- NY 122 highlighted in red

Route information
- Maintained by NYSDOT
- Length: 10.26 mi (16.51 km)
- Existed: c. 1938–present

Major junctions
- West end: NY 37 in Westville
- East end: US 11 in Burke

Location
- Country: United States
- State: New York
- Counties: Franklin

Highway system
- New York Highways; Interstate; US; State; Reference; Parkways;
| ← NY 121 |  | → NY 123 |

= New York State Route 122 =

State highway in Franklin County, New York, US

New York State Route 122 (NY 122) is a 10.26 mi east–west state highway in northern Franklin County, New York, United States.
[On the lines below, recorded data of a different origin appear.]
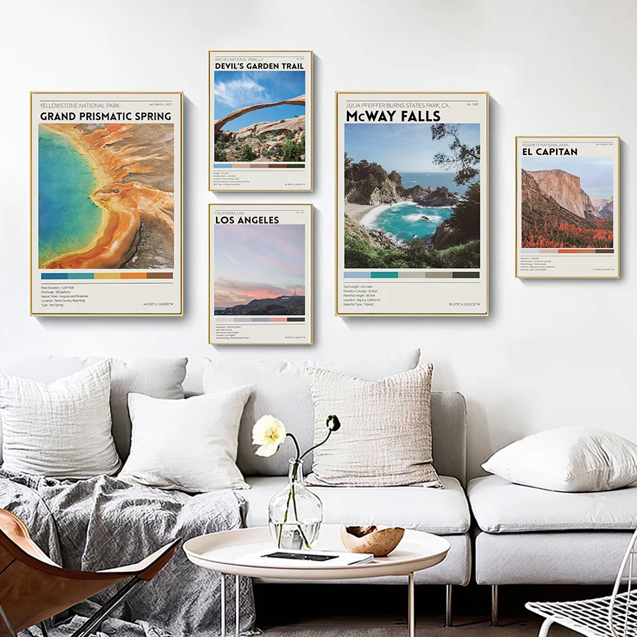 Los Angeles Mcway Falls Cadillac Mountain настенная Картина на холсте скандинавские постеры и принты настенные картины для декора гостиной
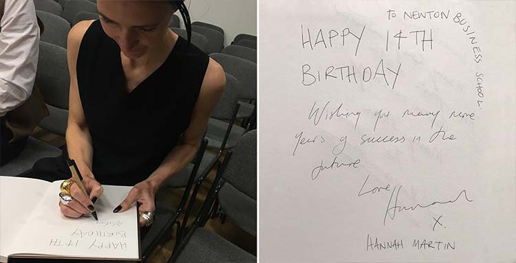 04 - 英國倫敦著名珠寶首飾設計大師 Hannah Martin在英國倫敦為牛頓商學院十四周年慶題詞,祝賀牛頓商學院NEWTON Business School為全球時尚商界培養更多時尚人才。
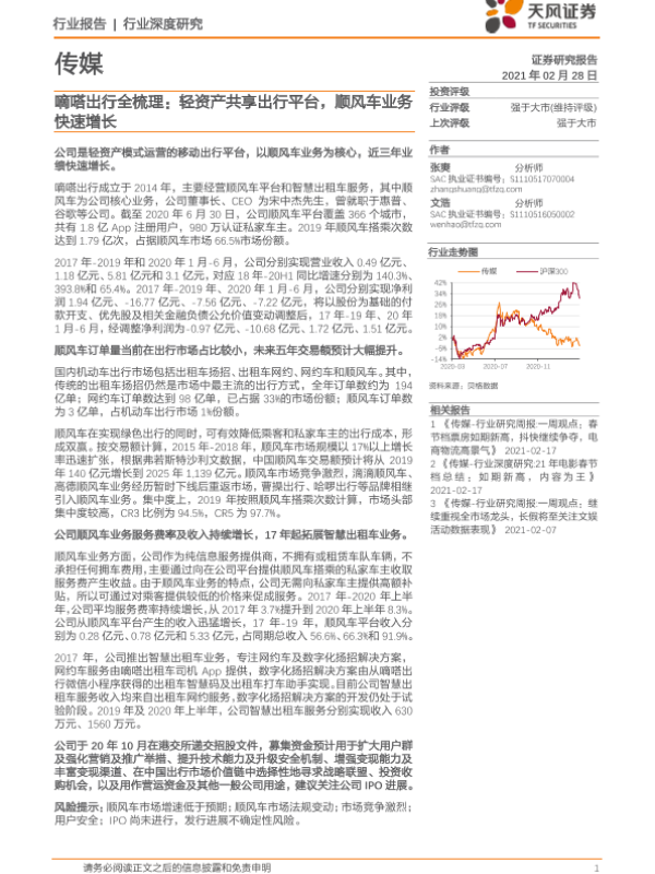 【天风证券】【20210228】传媒行业:嘀嗒出行全梳理:轻资产共享出行平台,顺风车业务快速增长-33页 行业研究

The western terminus of the route is at an intersection with NY 37 in the town of Westville. Its eastern terminus is at a junction with U.S. Route 11 (US 11) in the town of Burke. Near its midpoint, NY 122 has a short overlap with NY 30 in the town of Constable. NY 122 serves as a northerly bypass of the village of Malone, situated 6 mi to the south.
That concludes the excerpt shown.